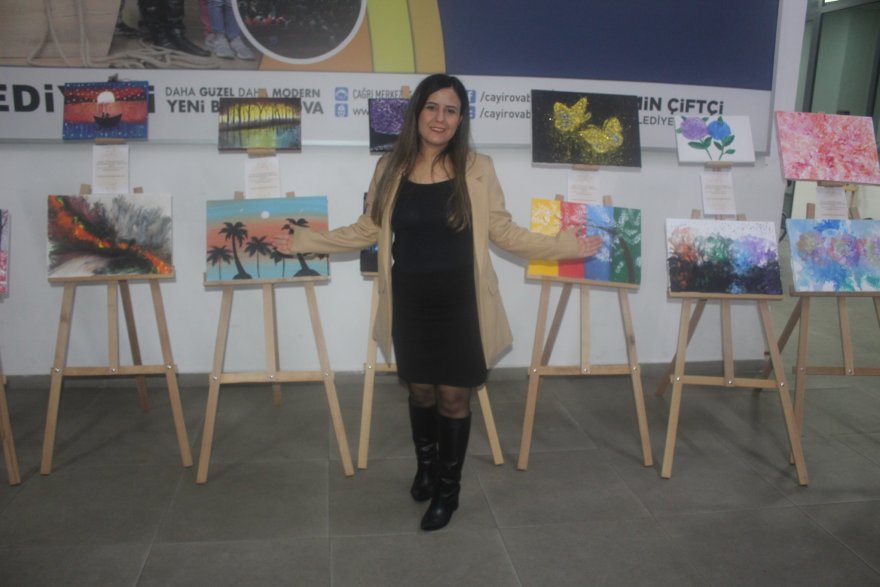 Öğretmen Songül Kurt Komaç, “Her bir resmimizde fırçadan ziyade kulak çöpü, alüminyum folyo, bulaşık süngeri, mandal, tarak, kurutma makinesi, balon ve pipetlerle resimlerimizi yaptık” dedi.
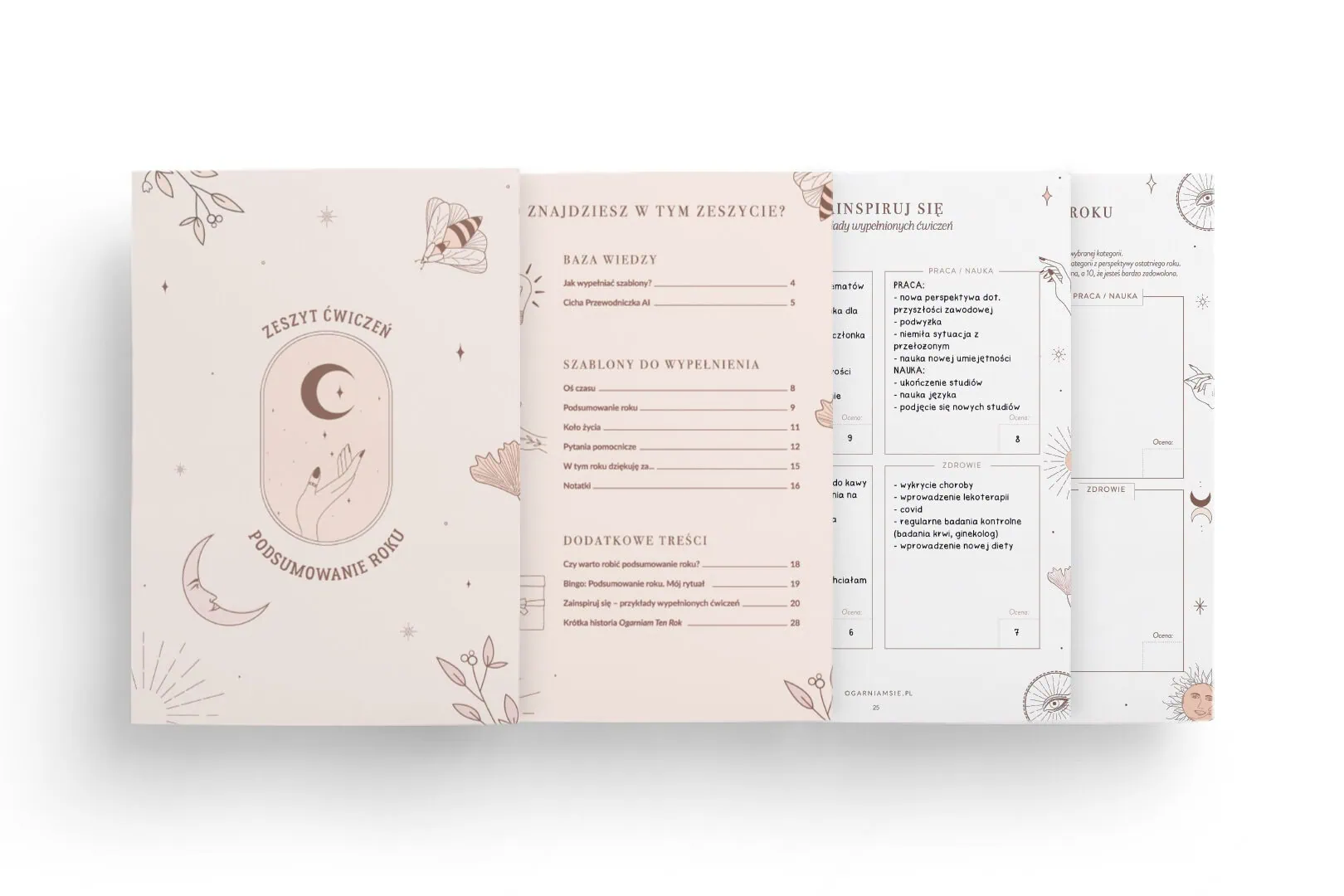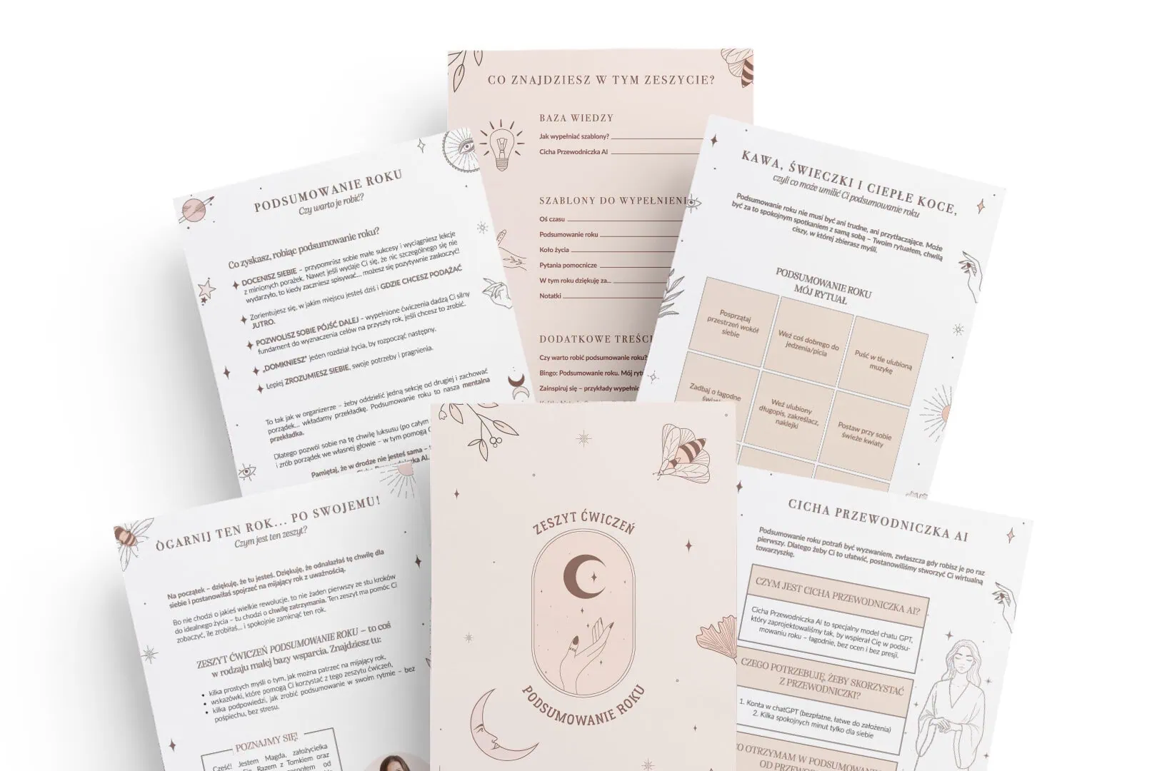 Możesz przejść przez wszystkie zeszyty po kolei, pominąć krok, wrócić do któregoś później albo zacząć od tego, który najbardziej Cię teraz woła. Ten proces ma służyć Tobie — Twojemu rytmowi, Twojej energii i Twojemu sposobowi podsumowywania roku. Tutaj nie ma „jednej właściwej drogi”. Jest tylko ta, którą wybierzesz.
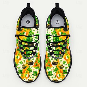 Мужские кроссовки ко Дню Святого Патрика – зеленый с цветочным рисунком и деталями в виде клевера, идеально подходят для праздничных торжеств.
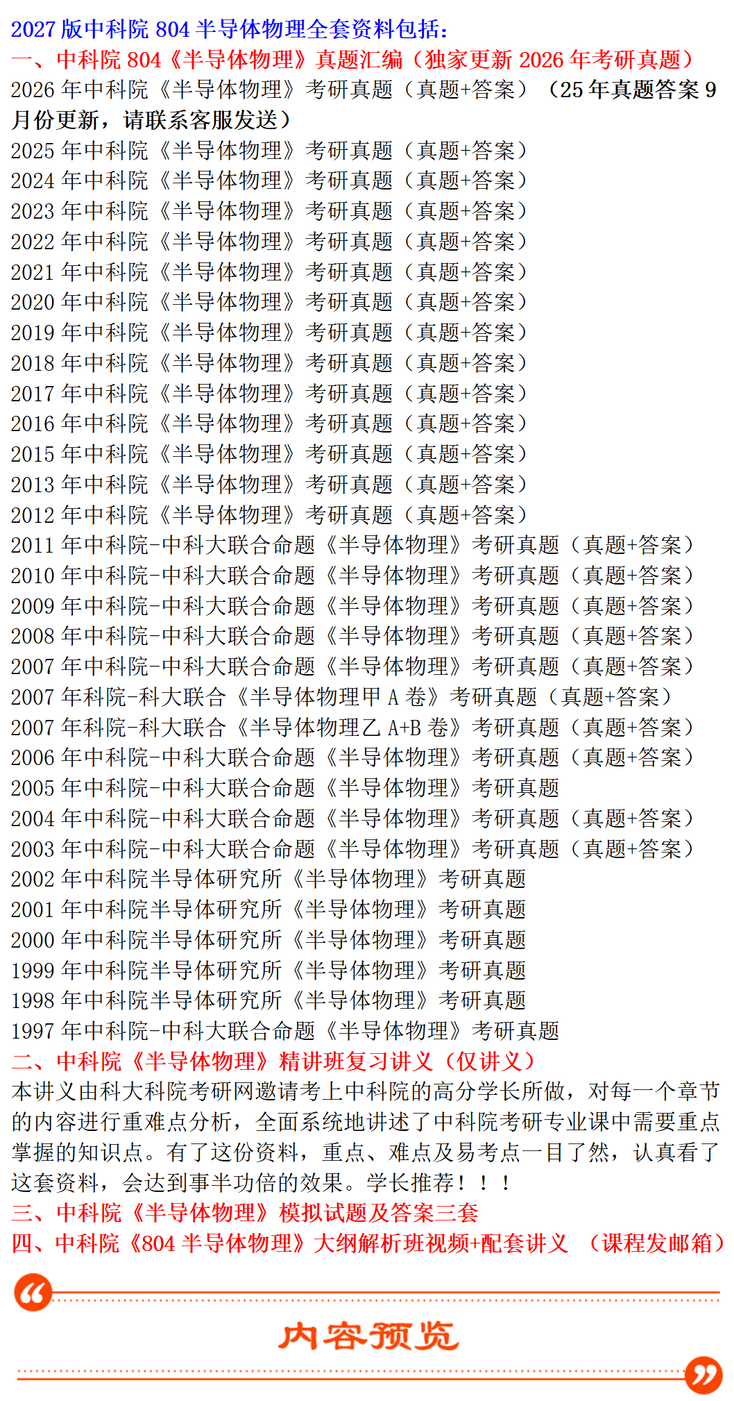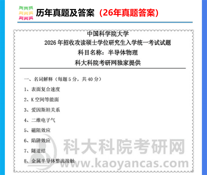 基础套餐包含:中科院1997-2013、2015-2026年半导体物理考研真题,其中1997-2002、2005年无答案,其他年份均有答案;精讲班复习讲义;模拟试题及答案三套、大纲解析班视频+讲义
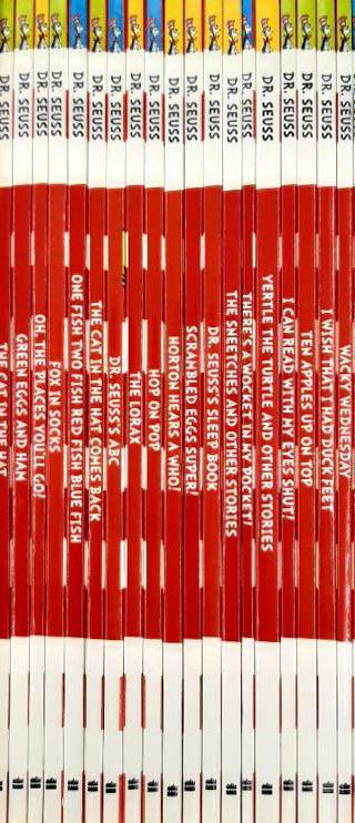 A wonderful slipcase collection of 20 classic Dr. Seuss titles.A classic collection of twenty of Dr. Seuss's best-loved stories - in one wonderful case!Includes:The Cat in the HatThe Cat in the Hat Comes BackGreen Eggs and HamThe LoraxFox in SocksOne Fish Two Fish Red Fish Blue FishOh, The Places You'll Go!Hop on PopDr. Seuss's ABCDr. Seuss's Sleep BookScrambled Eggs Super!The Sneetches and Other StoriesYertle the Turtle and Other StoriesHorton Hears a WhoI Can Read With My Eyes Shut!Mr Brown Can Moo! Can You?Ten Apples Up on TopThere's a Wocket in My Pocket!I Wish That I Had Duck FeetWacky WednesdayThe Dr. Seuss collection that every child needs!
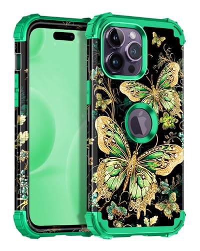Casetego for iPhone 14 Pro Max Case,Glow in The Dark Three Layer Heavy Duty Sturdy Shockproof Full Protection Rugged Hard PC+Soft TPU Bumper Case for Apple iPhone 14 Pro Max 6.7 inch,Green

● What to work on: Once the pictures are set aside, output the whole listing exactly.

● Exercise result:
 Öğretmen Songül Kurt Komaç, “Her bir resmimizde fırçadan ziyade kulak çöpü, alüminyum folyo, bulaşık süngeri, mandal, tarak, kurutma makinesi, balon ve pipetlerle resimlerimizi yaptık” dedi.
 Możesz przejść przez wszystkie zeszyty po kolei, pominąć krok, wrócić do któregoś później albo zacząć od tego, który najbardziej Cię teraz woła. Ten proces ma służyć Tobie — Twojemu rytmowi, Twojej energii i Twojemu sposobowi podsumowywania roku. Tutaj nie ma „jednej właściwej drogi”. Jest tylko ta, którą wybierzesz.
 Мужские кроссовки ко Дню Святого Патрика – зеленый с цветочным рисунком и деталями в виде клевера, идеально подходят для праздничных торжеств.
 基础套餐包含:中科院1997-2013、2015-2026年半导体物理考研真题,其中1997-2002、2005年无答案,其他年份均有答案;精讲班复习讲义;模拟试题及答案三套、大纲解析班视频+讲义
 A wonderful slipcase collection of 20 classic Dr. Seuss titles.A classic collection of twenty of Dr. Seuss's best-loved stories - in one wonderful case!Includes:The Cat in the HatThe Cat in the Hat Comes BackGreen Eggs and HamThe LoraxFox in SocksOne Fish Two Fish Red Fish Blue FishOh, The Places You'll Go!Hop on PopDr. Seuss's ABCDr. Seuss's Sleep BookScrambled Eggs Super!The Sneetches and Other StoriesYertle the Turtle and Other StoriesHorton Hears a WhoI Can Read With My Eyes Shut!Mr Brown Can Moo! Can You?Ten Apples Up on TopThere's a Wocket in My Pocket!I Wish That I Had Duck FeetWacky WednesdayThe Dr. Seuss collection that every child needs!
Casetego for iPhone 14 Pro Max Case,Glow in The Dark Three Layer Heavy Duty Sturdy Shockproof Full Protection Rugged Hard PC+Soft TPU Bumper Case for Apple iPhone 14 Pro Max 6.7 inch,Green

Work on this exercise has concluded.